Hal ini terjadi berawal dari kepercayaan mereka bahwa waktu dan usaha mereka yang termakan untuk melipat 1000 buah burung bangau ini memerlukan kesabaran dan kepercayaan sepenuhnya untuk membentuk keluarga yang harmonis. Buah hasil kerjanya dapat disaksikan pada hari pernikahan. Model origami burung bangau juga telah

mentradisi terus menerus sebagai hadiah kepada teman baik dan kepada pasangan cinta yang tidak pernah pudar.

Di Jepang sering juga ditemukan beribu-ribu burung bangau yang dibuat dalam seuntai benang dan sering ditempati di tempat-tempat tertentu seperti di kuil-kuil dan wihara sebagai permohonan dan permintaan. Seuntai burung bangau ini dibuat pada waktu adanya kesedihan, kehilangan atau juga kepada orang yang sebagai lambang permohonan untuk mendapatkan kesembuhan dari penyakit yang diderita. Akan tetapi, ada pula yang membuat seuntai burung bangau ini dengan tujuan agar diberi kemenangan dalam perlombaan.

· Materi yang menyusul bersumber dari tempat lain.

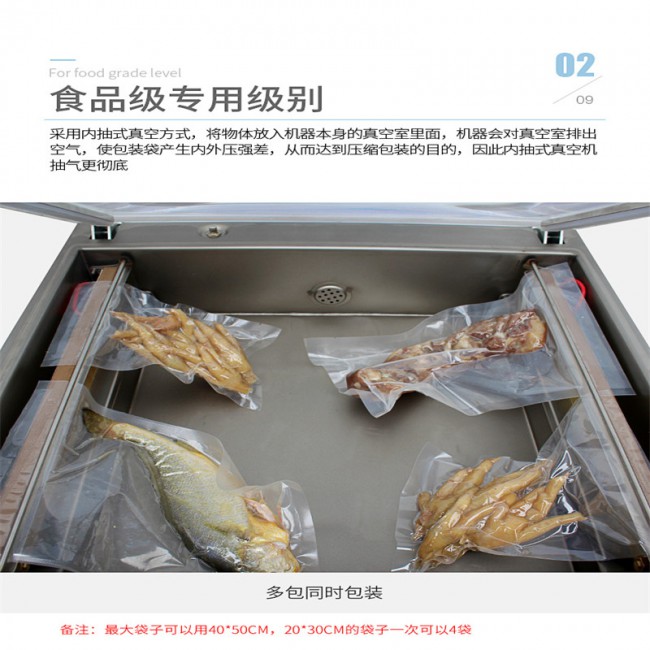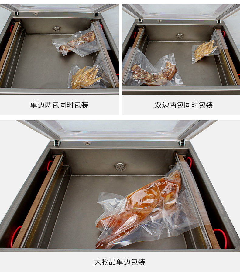 真空包裝機(jī)適用于食品行業(yè)可包裝火腿、肉類、魚干、雞鴨肉類、醬制品、調(diào)味品、果脯、糧食、豆制品、化學(xué)制品、藥材、農(nóng)產(chǎn)品、電子、五金零件等商品進(jìn)行真空后充惰性氣體包裝,經(jīng)抽真空包裝后的物品可防止氧化、霉變、蟲蛀、受潮、延長(zhǎng)產(chǎn)品儲(chǔ)存期限。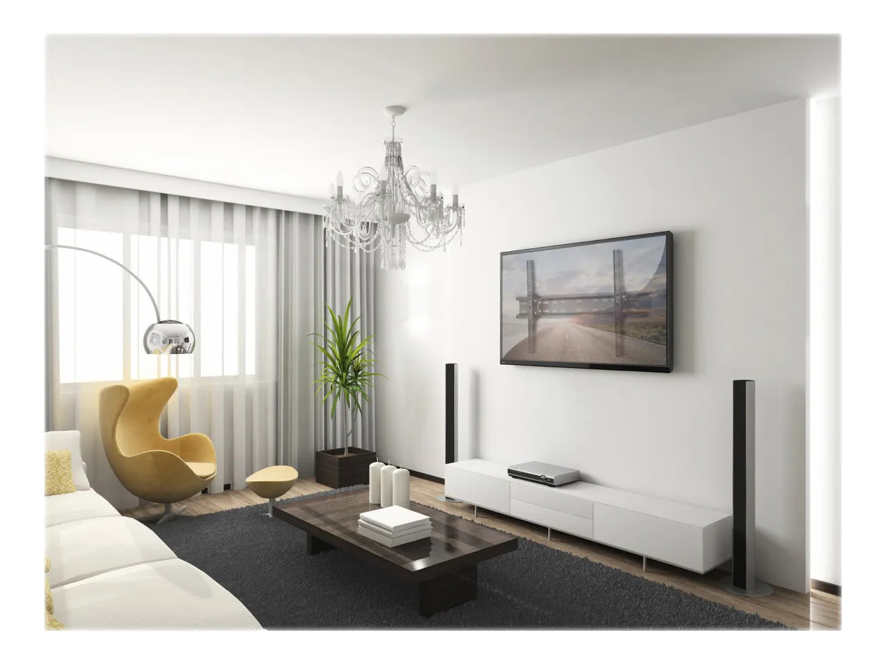 Super slim design sits just 50mm from wall to complement the sleek look of ultra-thin TVs. It allows the TV to slide left and right on the wall plate, so it's positioned exactly where you want it. The powder coating finish guarantees the durability and the simple construction is easy to install.
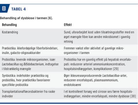 I Tabel 4 gives der en oversigt over de behandlinger, der menes at have en gavnlig effekt mht. at revertere dysbiosen og genskabe et sundt mikrobiom. I mange tilfælde vil det være naturligt at forsøge effekten af en sund, uforarbejdet, overvejende plantebaseret kost med en tilstrækkelig mængde fibre og uden tilsætningsstoffer, evt. i kombination med probiotika. Probiotika har vist sig at have en gavnlig effekt ved hepatisk encefalopati [29] (Tabel 4). Præbiotika og synbiotika kan evt. forsøges, men der er brug for flere undersøgelser, før deres plads i behandlingen kan fastlægges.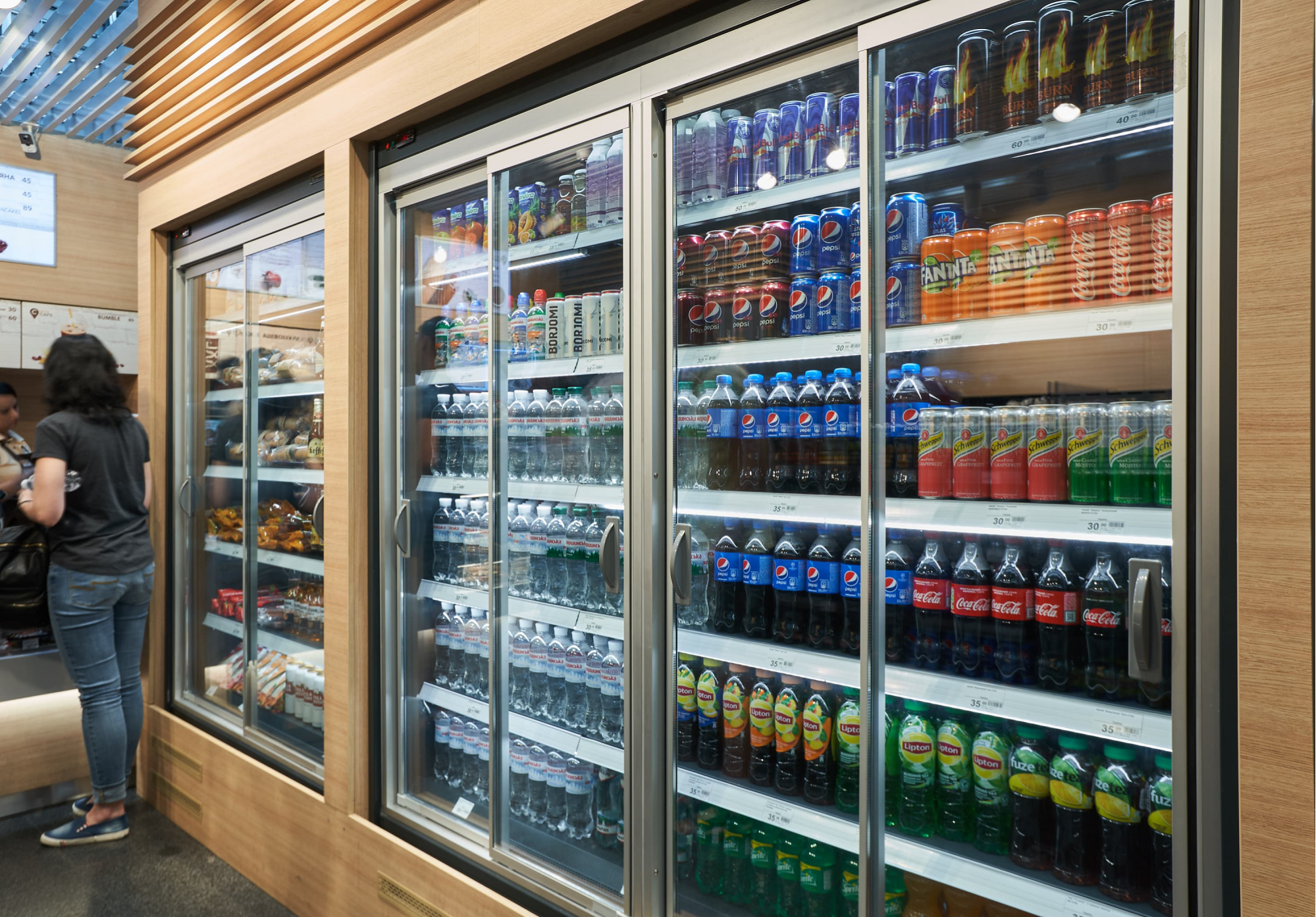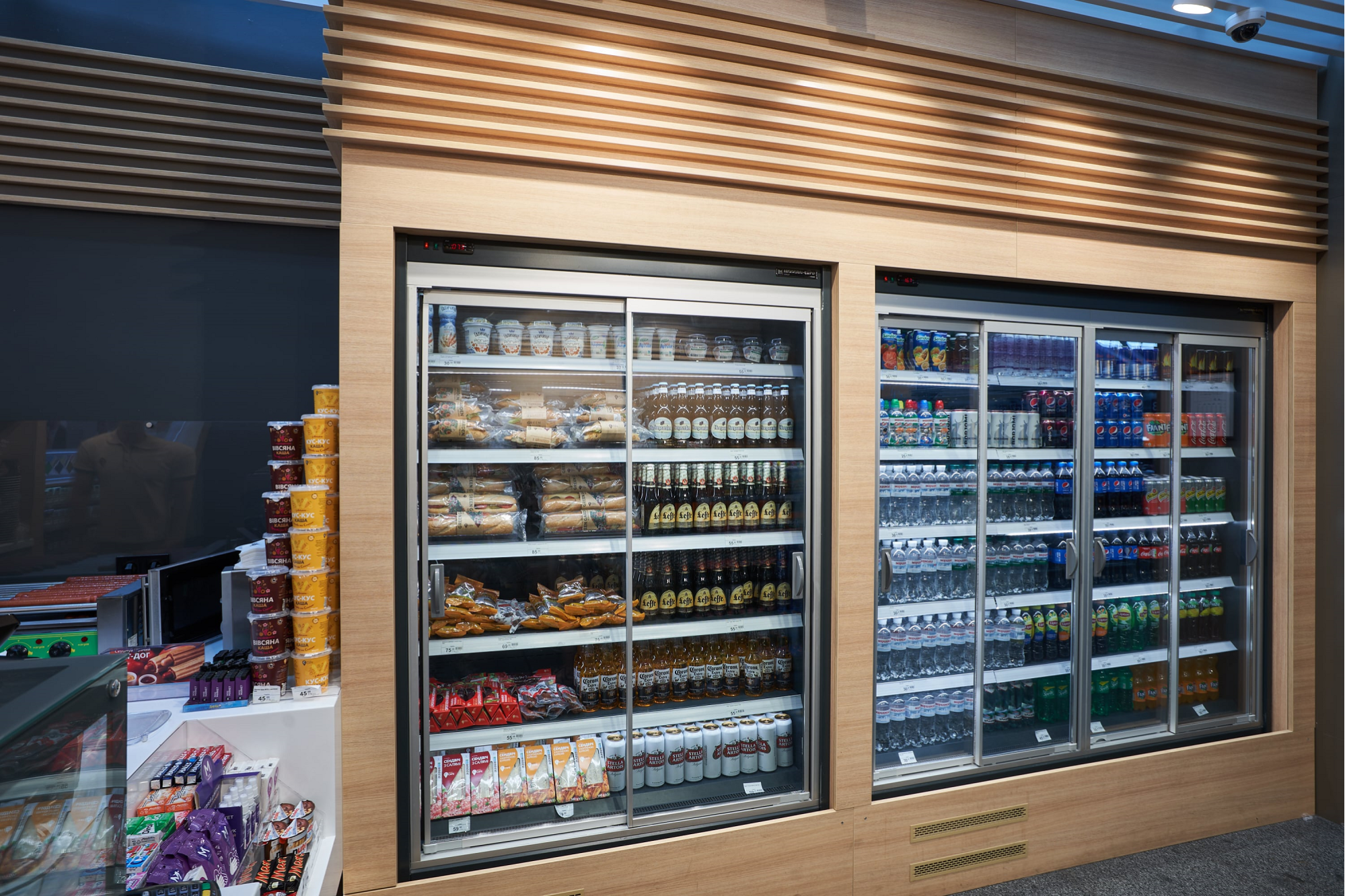 Наша компания предлагает брендированное оборудование для АЗС, которое включает в себя: стеллажное оборудование, холодильные витрины для скоропортящихся продуктов и напитков (со встроенным агрегатом и без него), конфитюры для сладостей, а также мебель для зоны кафе: столы, стулья и барные стойки. Все выполнено в одной стилистике, в одной цветовой гамме. Ничего лишнего, но есть самое необходимое. Для установки кофе машин - кофемодуль со встроенными стаканами, мусорным баком и выведенными коммуникациями - главные части выполнены из нержавеющей стали.

Biasanya, yang membuat seuntai origami burung bangau tersebut adalah para pendukung suatu tim pada suatu cabang olahraga. Mereka membuatnya dan kemudian menggantungnya di pagar yang berada di pinggir lapangan dekat tempat duduk penonton pada saat pertandingan dengan harapan tim yang mereka dukung akan menang.